# EXERCISE DETAILS
Nothing but the lines from the one containing "На трубе-перекладине поместятся" through the end of the entries below should appear in your answer, transcribed exactly; please drop the pictures.

---------------

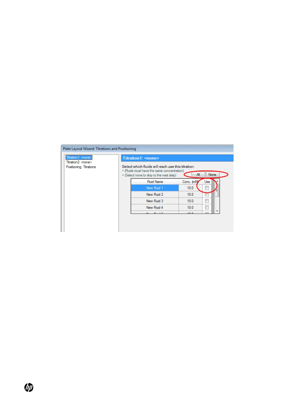 b. Select the Use check box next to each fluid that will use this titration to create a titration1
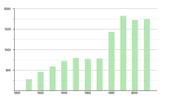 | 1930 | 587 | ▲ +27,89 % | |
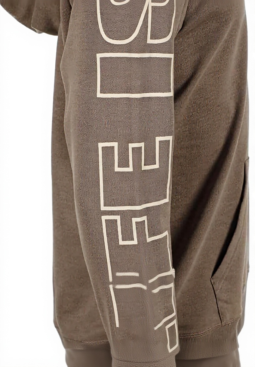 Le sweat est composé de 65% polyester et 35% coton, offrant un équilibre entre respirabilité et résistance.
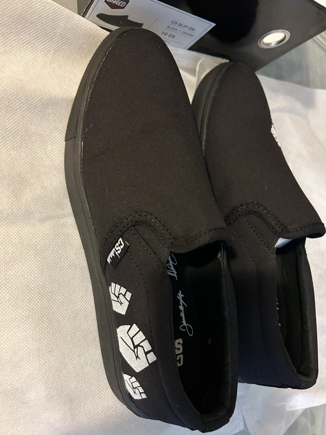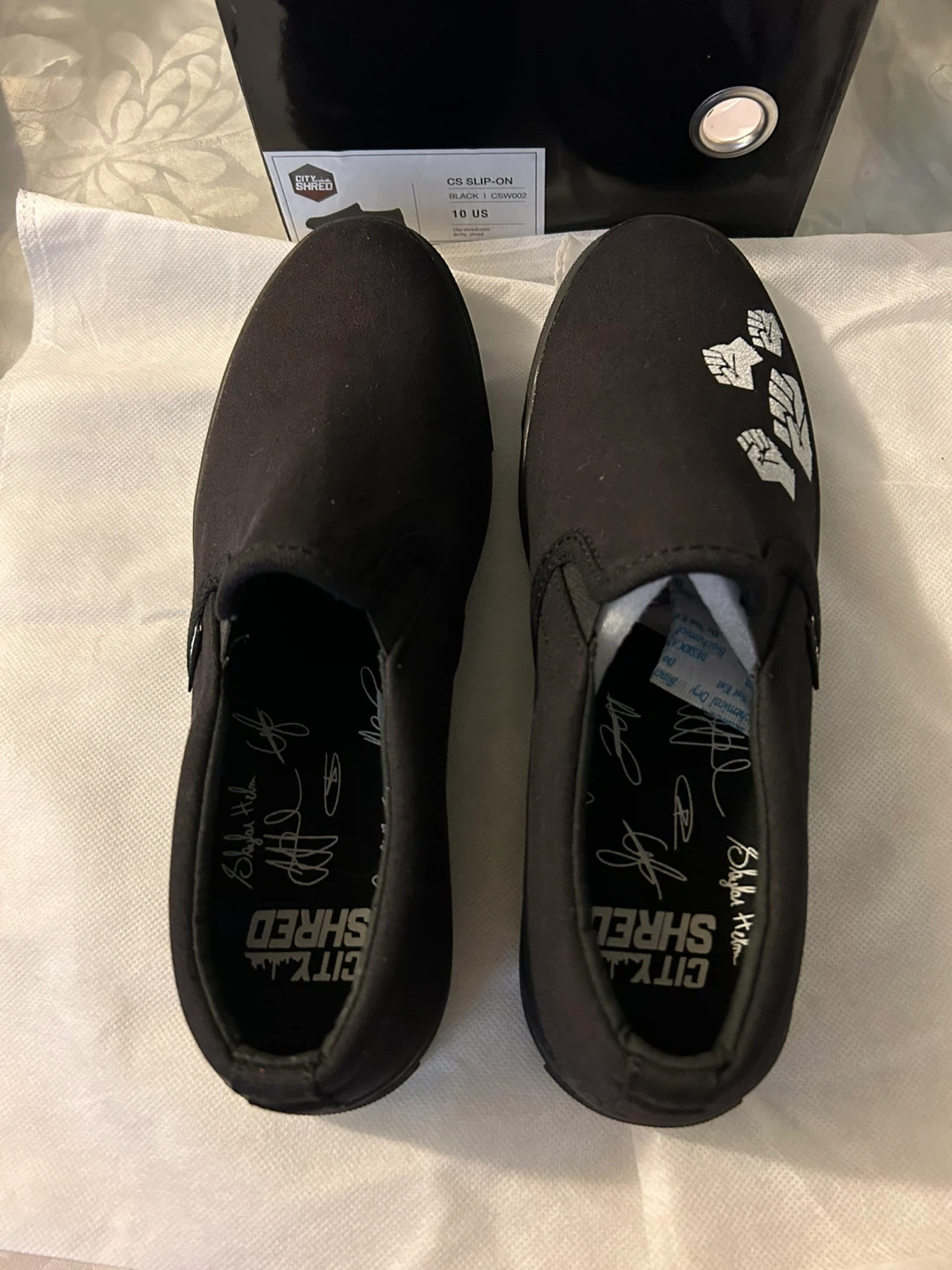 These black slip-on shoes are from City Shred. They feature a cityscape design on the box and are signed by multiple individuals. The shoes also have a fist graphic on the side.
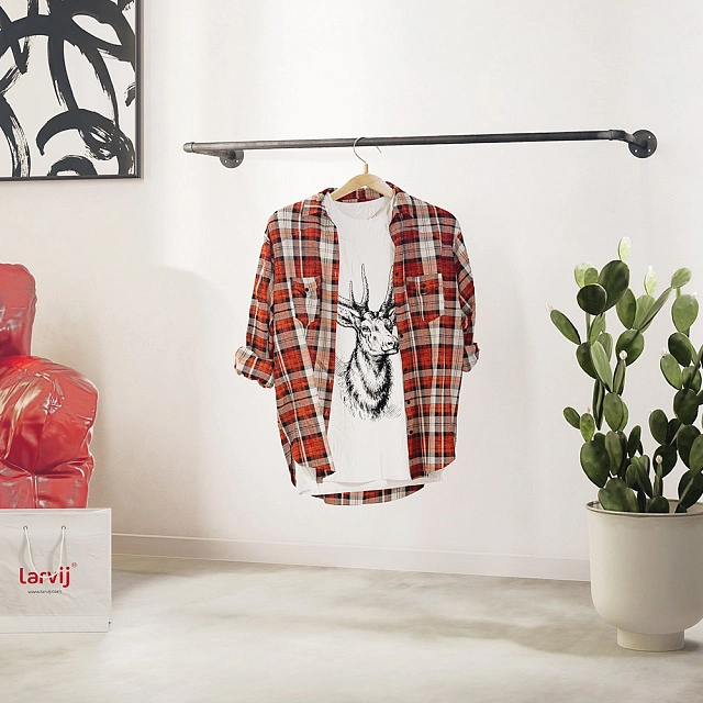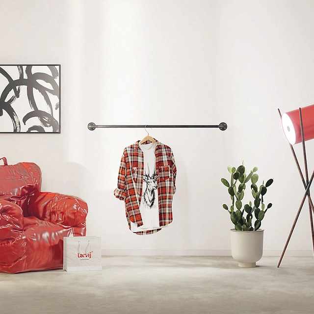 На трубе-перекладине поместятся более 8 вешалок с одеждой. Комплект также подойдет для хранения различных аксессуаров. При таком хранении вещи проветриваются, остаются всегда на виду и дольше сохраняют опрятный вид. Современный и функциональный вариант организации порядка в стиле лофт. Не только место хранения, но и стильный элемент интерьера, который будет радовать вас каждый раз, когда вы будете использовать его.
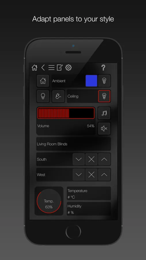 LiVo offers a variety of customizing features: you can individualize the user interface with your own style preferences or use one of the provided stylesheets. The new dynamic panels are automatically generated out of your HomeKit room and scenes configuration or out of the given openHAB sitemap.

---------------

# COMPLETED EXERCISE
 На трубе-перекладине поместятся более 8 вешалок с одеждой. Комплект также подойдет для хранения различных аксессуаров. При таком хранении вещи проветриваются, остаются всегда на виду и дольше сохраняют опрятный вид. Современный и функциональный вариант организации порядка в стиле лофт. Не только место хранения, но и стильный элемент интерьера, который будет радовать вас каждый раз, когда вы будете использовать его.
 LiVo offers a variety of customizing features: you can individualize the user interface with your own style preferences or use one of the provided stylesheets. The new dynamic panels are automatically generated out of your HomeKit room and scenes configuration or out of the given openHAB sitemap.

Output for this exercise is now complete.